Work to complete:
From the listing below, set down exactly the lines between the one holding "A private collection" and the one holding "Gravel driveway and", inclusive. No other line is wanted.

Extracted information:
• • • •

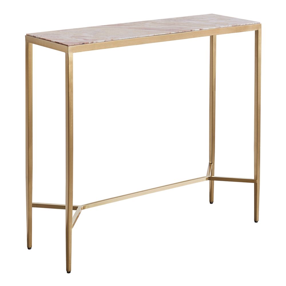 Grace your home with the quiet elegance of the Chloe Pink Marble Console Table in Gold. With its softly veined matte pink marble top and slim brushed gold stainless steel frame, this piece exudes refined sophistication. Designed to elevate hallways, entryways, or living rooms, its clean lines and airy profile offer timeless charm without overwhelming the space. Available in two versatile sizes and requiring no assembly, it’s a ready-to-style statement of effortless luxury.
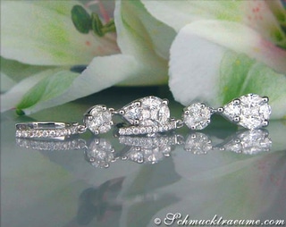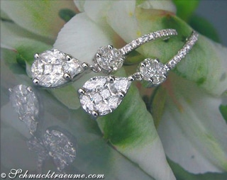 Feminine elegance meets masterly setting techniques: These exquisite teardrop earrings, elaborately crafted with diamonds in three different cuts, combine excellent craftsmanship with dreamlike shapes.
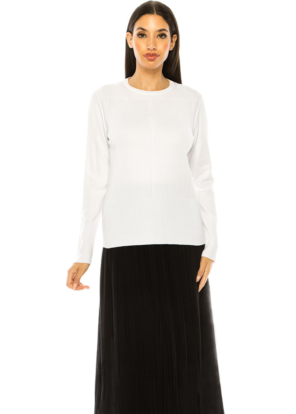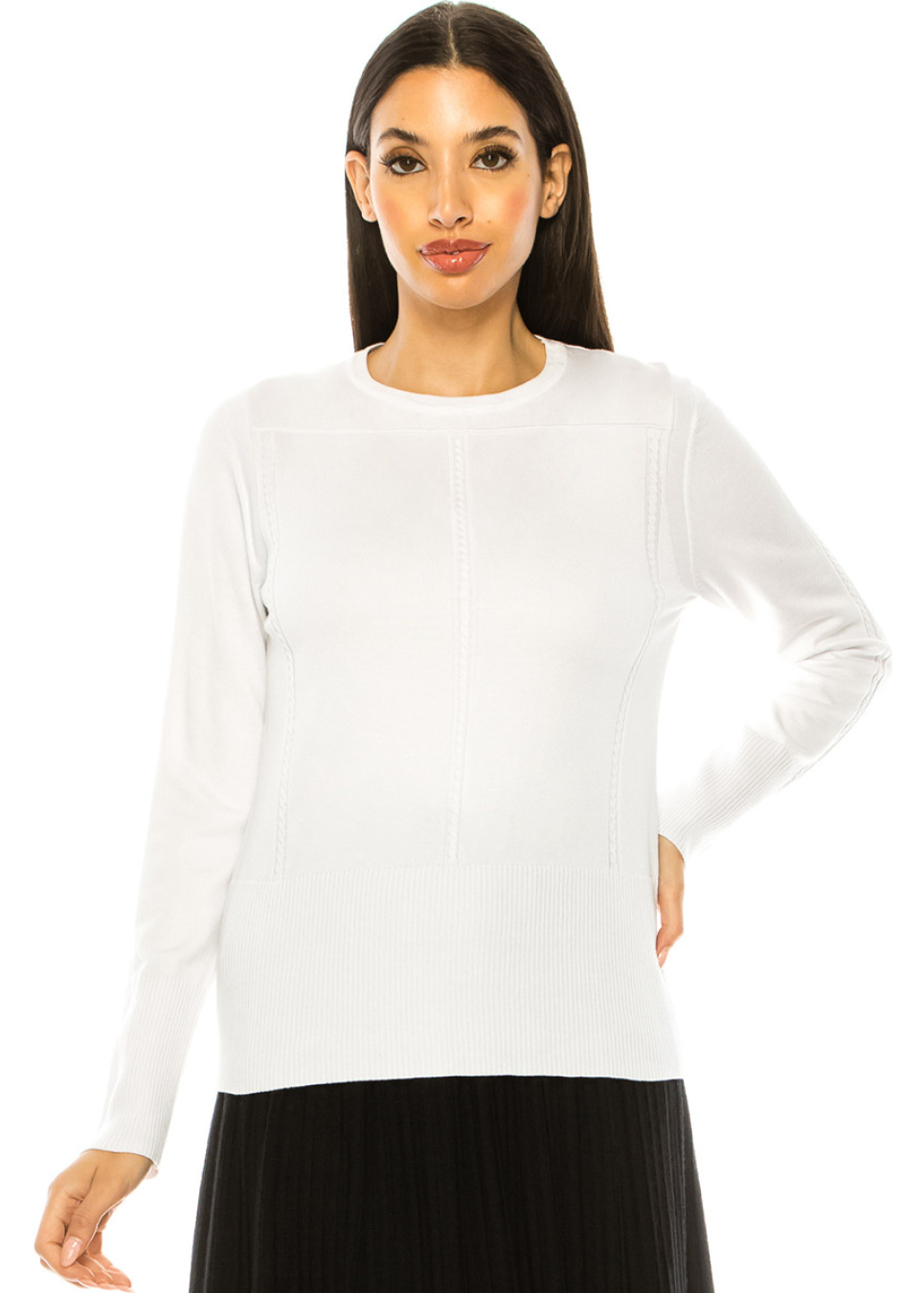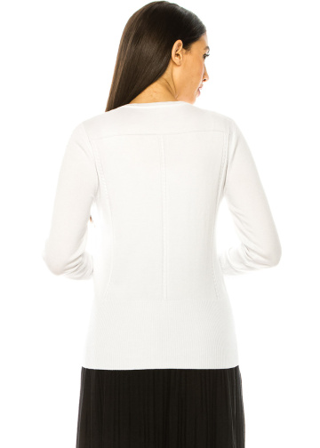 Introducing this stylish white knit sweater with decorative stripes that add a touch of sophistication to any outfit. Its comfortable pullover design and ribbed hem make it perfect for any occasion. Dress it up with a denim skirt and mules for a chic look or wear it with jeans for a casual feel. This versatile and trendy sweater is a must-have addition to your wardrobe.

• • • •

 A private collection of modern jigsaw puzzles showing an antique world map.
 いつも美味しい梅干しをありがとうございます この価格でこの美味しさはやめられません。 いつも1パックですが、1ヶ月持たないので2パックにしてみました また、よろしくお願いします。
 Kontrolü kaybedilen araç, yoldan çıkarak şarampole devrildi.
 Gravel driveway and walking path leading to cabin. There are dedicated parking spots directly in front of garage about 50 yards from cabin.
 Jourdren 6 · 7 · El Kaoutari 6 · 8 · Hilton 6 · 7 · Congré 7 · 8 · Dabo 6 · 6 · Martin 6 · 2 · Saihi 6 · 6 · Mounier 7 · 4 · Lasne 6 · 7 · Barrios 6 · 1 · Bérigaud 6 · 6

• • • •

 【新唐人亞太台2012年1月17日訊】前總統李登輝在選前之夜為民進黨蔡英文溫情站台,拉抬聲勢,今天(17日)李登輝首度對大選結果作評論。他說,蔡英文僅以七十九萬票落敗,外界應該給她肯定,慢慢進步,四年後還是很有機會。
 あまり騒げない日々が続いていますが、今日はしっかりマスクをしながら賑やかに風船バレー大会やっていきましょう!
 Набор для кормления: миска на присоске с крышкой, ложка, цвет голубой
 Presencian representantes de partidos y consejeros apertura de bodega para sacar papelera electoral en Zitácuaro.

• • • •

Exercise result:
 A private collection of modern jigsaw puzzles showing an antique world map.
 いつも美味しい梅干しをありがとうございます この価格でこの美味しさはやめられません。 いつも1パックですが、1ヶ月持たないので2パックにしてみました また、よろしくお願いします。
 Kontrolü kaybedilen araç, yoldan çıkarak şarampole devrildi.
 Gravel driveway and walking path leading to cabin. There are dedicated parking spots directly in front of garage about 50 yards from cabin.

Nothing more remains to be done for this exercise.